=== EXERCISE GOAL ===
Would you print every entry below exactly as written, omitting the images?

** TASK INPUT follows **

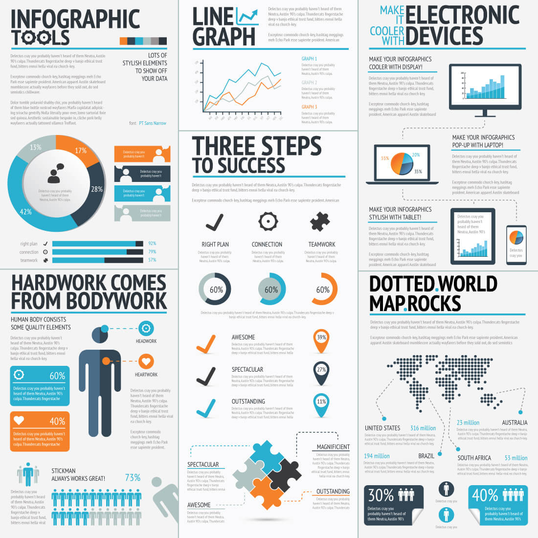 - Besides creating high-quality infographics, use any of these professional Infographic tools and kits on just about any other project of yours including: website design, emails, flyers, signs, corporate brochures, newspapers, advertisements, and more!
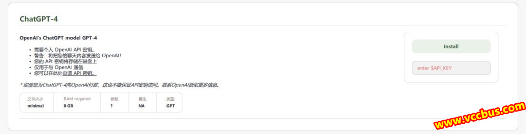 有的大模型例如ChatGPT-4不是下载安装这种用法的,而是要输入OpenAI API密钥远程调用。
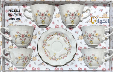كمية اكواب للشاي / الحليب مع صحن بنقشة
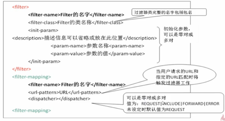 Web容器启动的时候,会加载web.xml并执行一次init()函数,然后每次客户端的请求都会执行doFilter()函数,最后当容器关闭的时候会执行destroy()函数
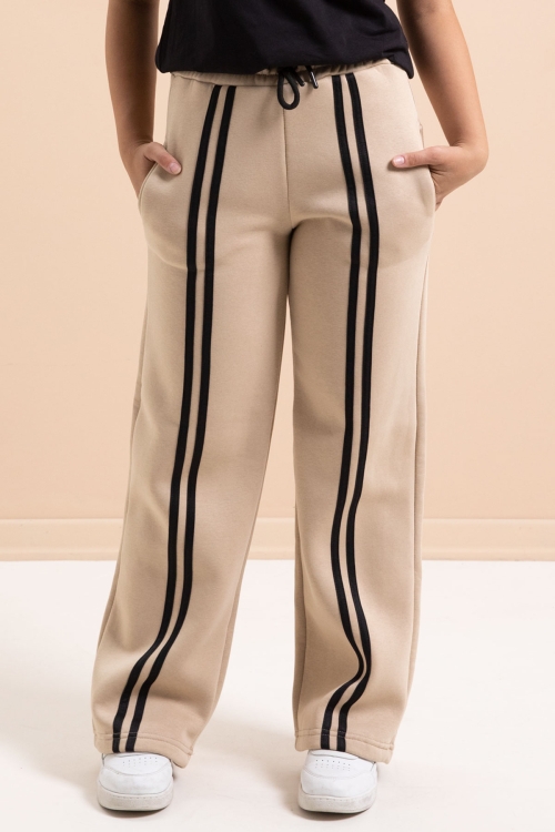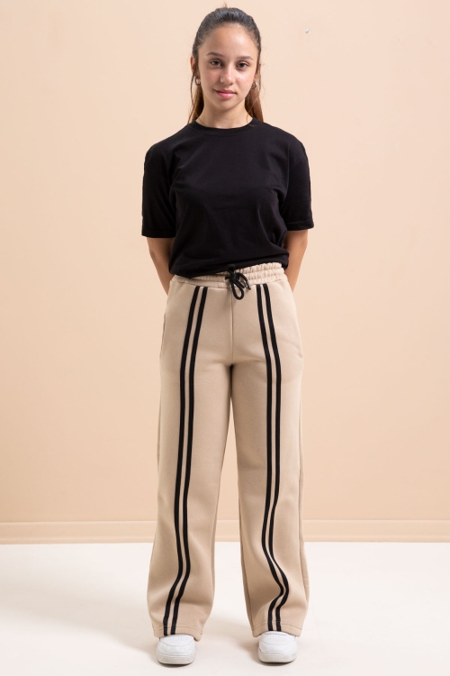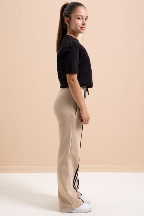 Bej Önü Şeritli Geniş Paça Şardonlu Kız Çocuk Basic Eşofman Altı 21276

** End of TASK INPUT **

=== RESPONSE TO THIS EXERCISE ===
 - Besides creating high-quality infographics, use any of these professional Infographic tools and kits on just about any other project of yours including: website design, emails, flyers, signs, corporate brochures, newspapers, advertisements, and more!
 有的大模型例如ChatGPT-4不是下载安装这种用法的,而是要输入OpenAI API密钥远程调用。
كمية اكواب للشاي / الحليب مع صحن بنقشة
 Web容器启动的时候,会加载web.xml并执行一次init()函数,然后每次客户端的请求都会执行doFilter()函数,最后当容器关闭的时候会执行destroy()函数
 Bej Önü Şeritli Geniş Paça Şardonlu Kız Çocuk Basic Eşofman Altı 21276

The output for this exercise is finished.